This killed FreeDOS (and presumably all the other *DOS as well) on modern hardware unfortunately. It was fun as long as it lasted. I do not know what the next-best single-user, single-process, non-bloated OS would be to run on modern hardware that still has some reasonably modern software and can be used for distraction-free (hobby) development the way FreeDOS could.
> I do not know what the next-best single-user, single-process, non-bloated OS would be to run on modern hardware that still has some reasonably modern software and can be used for distraction-free (hobby) development the way FreeDOS could.

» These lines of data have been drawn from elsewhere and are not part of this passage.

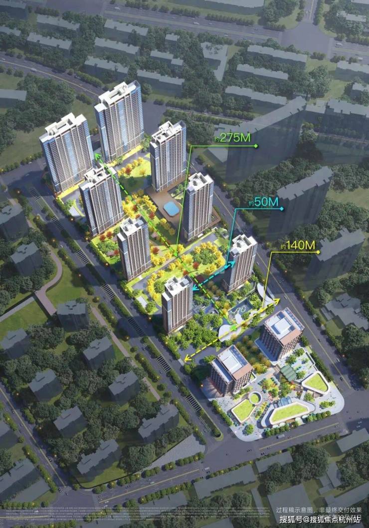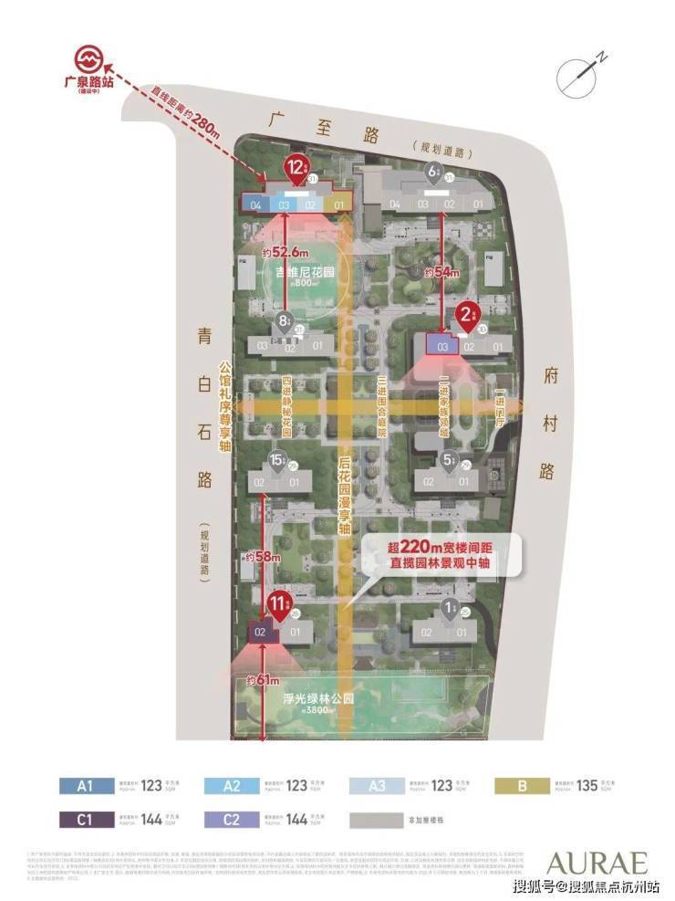 整体规划中, 纵向中央绿轴超200米,横向景观轴约140米,南北楼间距约50-57米,东西间距也多超过44米,实现更好的采光通风效果与景观视野!
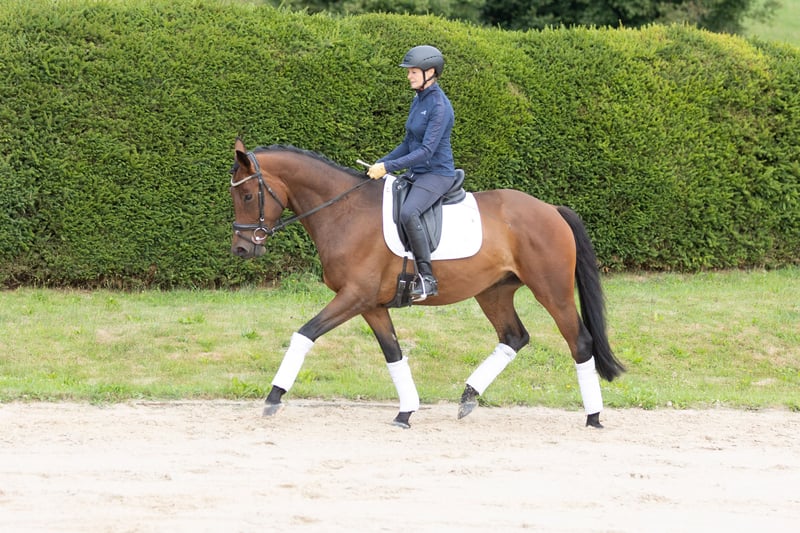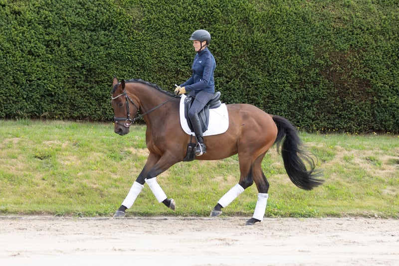 The connection of the Elmarshäuser founding sire INTERCONTI and the S-dressage successful Niagara is a perfect match: Noble and typy with an excellent character, always friendly and with an unshakeable coolness – this is our Nachtidol. He possesses three very good basic gaits. His walk is particularly ground-covering, the trot is regulated and rhythmic. The canter is confidently sprung. Nachtidol is clearly double-bred. He demonstrates very good free jumping and is familiar with cavaletti work. In the field, he is fearless and calm. Due to his good girth depth and strong foundation, he also accommodates a larger rider well. Nachtidol is suitable for young riders, as he is self-assured and has a very lovable character. His one-year-older full sister Nachglocke is double premium awarded, and his full brother Nachtmond, born in 2022, is licensed. The mother Nachteule recently produced the second most expensive foal at the auction in Münster with Nachtdrossel.
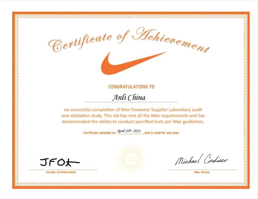 為了滿足美國耐克鞋用材料檢測需求,2020年以來,美國耐克授權國際權威的第三方檢測機構開展耐克實驗室認證工作。經過安利的努力付出與認真改進,審核人員對安利股份實驗室軟硬件、人員素養(yǎng)和檢測能力給予充分肯定,表示安利股份綜合實力位于美國耐克供應商系統(tǒng)前列。
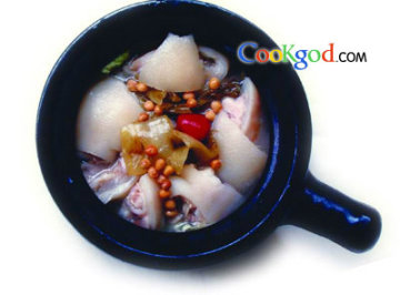 2、取一煨汤罐,加入骨头汤,放入猪手、黄豆、酸菜、盐、鸡精,用微火煨3小时至猪手软烂离骨,加入味精调匀上桌即可。
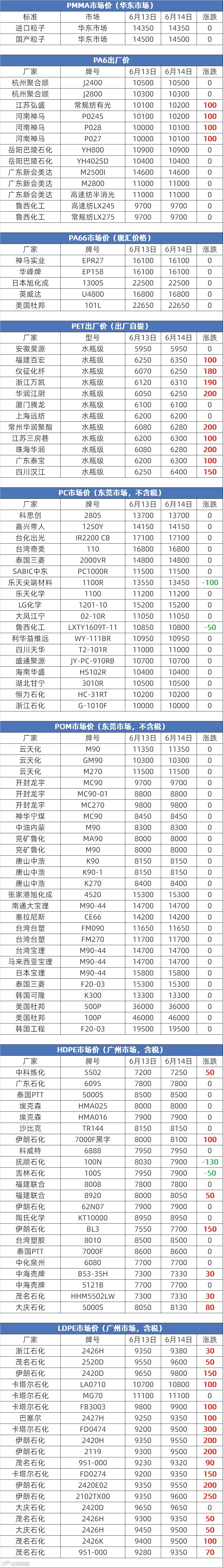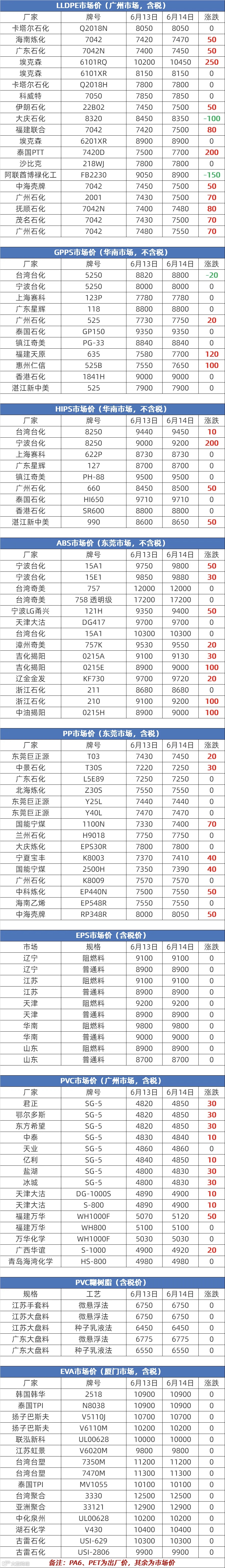 6月14日塑胶原料报价
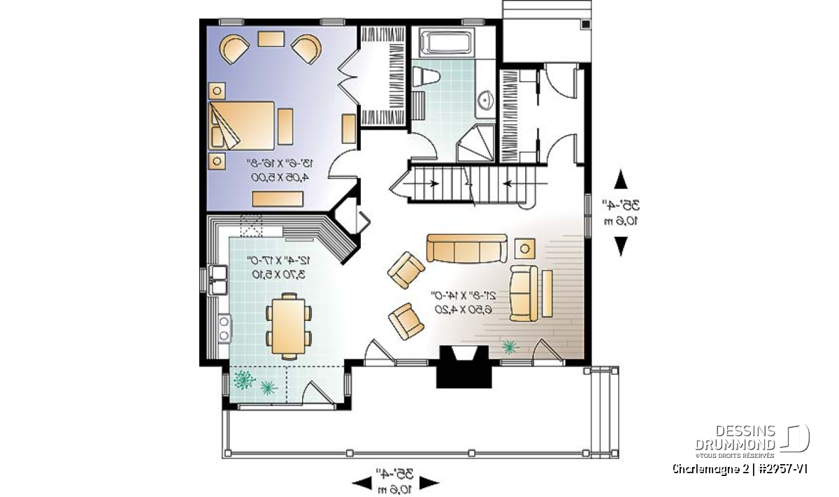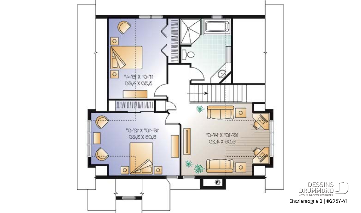 D’abord très convoité dans le marché nord-américain, le plan 2957 dont origine ce modèle version, justifie l’intérêt qu’on lui porte par un extérieur chaleureux et abondamment fenêtré ainsi que par son intérieur à la fois ouvert, confortable et proposant une chambre des maîtres au rez-de-chaussée.

Not sure why would you want a single-process OS on modern hardware, but there are some alternatives that run much less things on the background than regular Linux: Haiku, FreeBSD, NetBSD, OpenBSD, or some lightweight non-glibc, non-systemd Linux-based like Adelie or Alpine.
Thanks for that. That sent me down an enjoyable rabbit hole. I got started with PCs back in the 80s and became fairly familiar with how boot worked back then. UEFI happened while I was paying attention to other things and I've never become as familiar with it as I should be. This was a good excuse to do some reading.
That's still multi-process though, there's an awful lot of background tasks running in pretty much every non-fossil kernel version, not to mention userspace daemons (udev, dbus, dhcp) without which most normal userspace stuff doesn't even work.
Deprecated doesn't mean deleted, it just means "no longer updated/developed with a goal towards removal".